What were they doing right now? Helping Scaeva secure his fourth term, no doubt. Rolling in their coin like hogs at trough. But the consul, and thus the Ministry, must be growing impatient at her lack of progress recovering Duomo’s map. How was Mercurio fending them off?

Not for the first time, she realized what a risk her old mentor was taking for her. Thinking of it, she found herself ashamed she’d ever thought Mercurio might betray her. She missed him, truth told. Missed his counsel, his smoker’s growl, even his bastard of a temper. But soon enough, she’d be back in Godsgrave, standing on the sands of the arena. She’d see him then. And after, when the deed was done.

Presuming I don’t get murdered at Whitekeep first . . .

Mia surfaced with burning lungs, shrouded in steam. Blinking the water from her eyes, she was greeted by the sight of Wavewaker walking into the bathhouse. The man was gleaming with sweat from his turn’s training, dusted with dirt and grime from the circle. He was singing a duet called “Mi Uitori” all by himself; the female’s lines in falsetto, the male’s in his traditional baritone. Stripping off his loincloth at a suitably dramatic noooooooooote, he stepped into the bath and Mia gave him an impromptu round of applause.

“Too kind, Mi Dona,” the big man bowed.

“Quite a set of pipes you’ve got on you there.”

“I studied at the feet of the best.”

“Were you really an actor in a theater?” she asked, head tilted.

“Wellll,” the big man said. “I worked in one, on the door. In happier turns. I always wanted to stride the stage, marveling the crowd, but . . .” He shrugged at the walls around them. “’Twas not to be.”

She looked the man over with a critical eye as he reached for the soap. Wavewaker was a daemon on the sand, a little undisciplined perhaps, but strong as a bull. She’d wager those hands of his could encircle her throat easily, crush her skull if he squeezed hard enough, and she could no more imagine him wearing tights and mumming in some pantomime than she could imagine herself sprouting wings.

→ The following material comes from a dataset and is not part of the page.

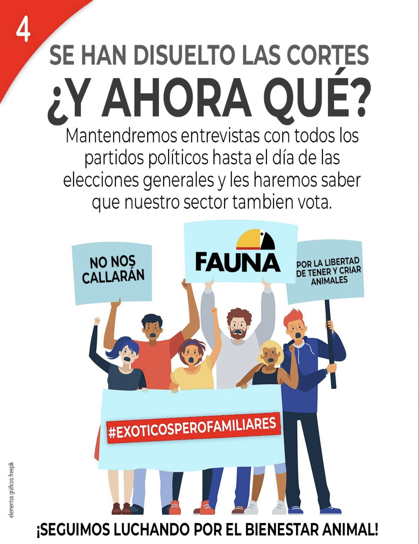 Así mismo, la Federación Fauna ha anunciado una campaña de difusión y de crítica sobre la Ley de Bienestar Animal. Según Fauna explica en su “twitter”, “nuestro sector está profundamente arraigado en la sociedad. No se puede legislar contra acuariófilos, terrariófilos, avicultores y cetreros”. Así mismo, la Federación ha colgado también en “twitter” cuatro “banners” que adjuntamos en este post sobre las actividades previstas como parte de su campaña de concienciación sobre la Ley de Bienestar Animal. A este respecto, la Federación pretende continuar con las reuniones con partidos políticos y ha pedido a Feijóo que devuelva las competencias de CITES a la Secretaría de Estado de Comercio, al tiempo que pide más medios para los profesionales y técnicos del SOIVRE. Fauna quiere que la derogación de la ley esté en los programas de los partidos, por lo que pretende hacer valer las 180.000 firmas recogidas en apenas 2 meses (todo un record) como elemento de presión en las reuniones mantenidas, dado que al disolverse las cortes no puede ser ya presentada una Iniciativa Legislativa Popular. De hecho, parece que sigue abierto el plazo para firmar en contra de la ley y llegar con más firmas a la jornada electoral.
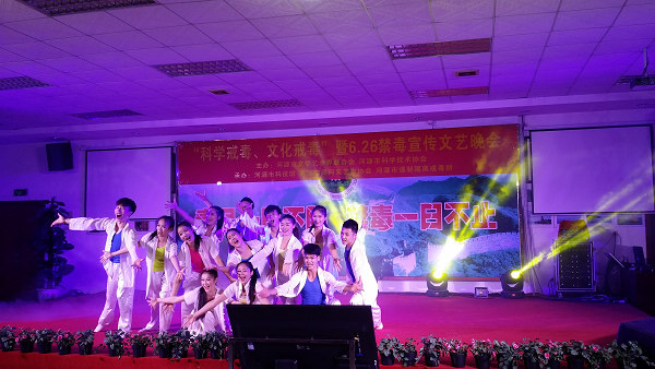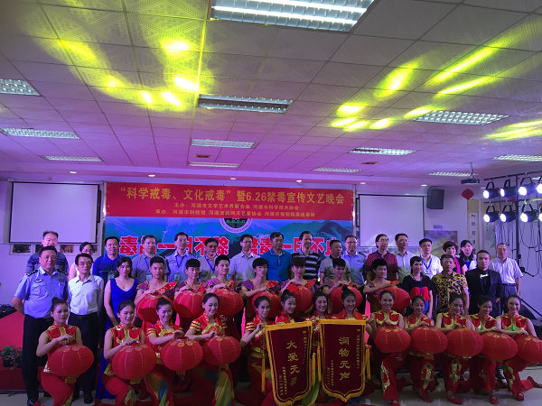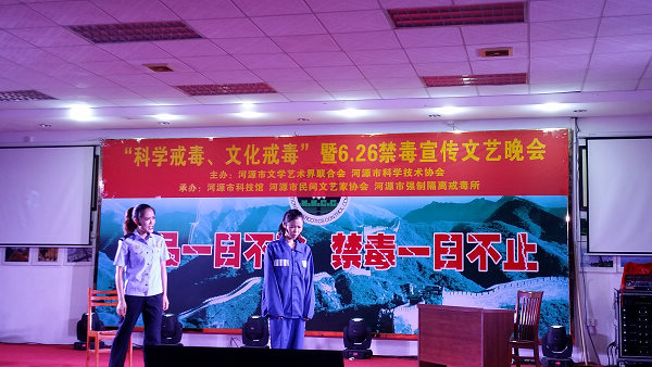 为深入贯彻落实党的十八大精神,推进社会主义核心价值观宣传工作,进一步加强禁毒宣传教育,丰富在所戒毒学员的精神生活,在第29个国际禁毒日来临之际,6月23日晚,我馆与河源市民间文艺家协会、河源市强制隔离戒毒所共同承办了,由河源市文学艺术界联合会、河源市科学技术协会主办的,在河源市强制隔离戒毒所举办的“科学戒毒、文化戒毒”“6.26”文艺联欢晚会。

“Let me guess.” He raised an eyebrow. “I don’t strike you as the theater type.”

“Forgive me,” she chuckled. “But not at all.”

“You’re forgiven,” Wavewaker grinned. “My father said much the same. He raised me in the art of steel, you see. Taught me from the time I was a boy how to break men with my bare hands. He intended me to be an honorguard of the Bara, like his father before him. Called me a fool when I told him I wanted to be a thespian. The suffi hadn’t named me ‘Stagestrider,’ after all. But I didn’t fancy the thought of being told what I could or couldn’t be. So I tried anyway. It was my dream. And one best dreamed awake.”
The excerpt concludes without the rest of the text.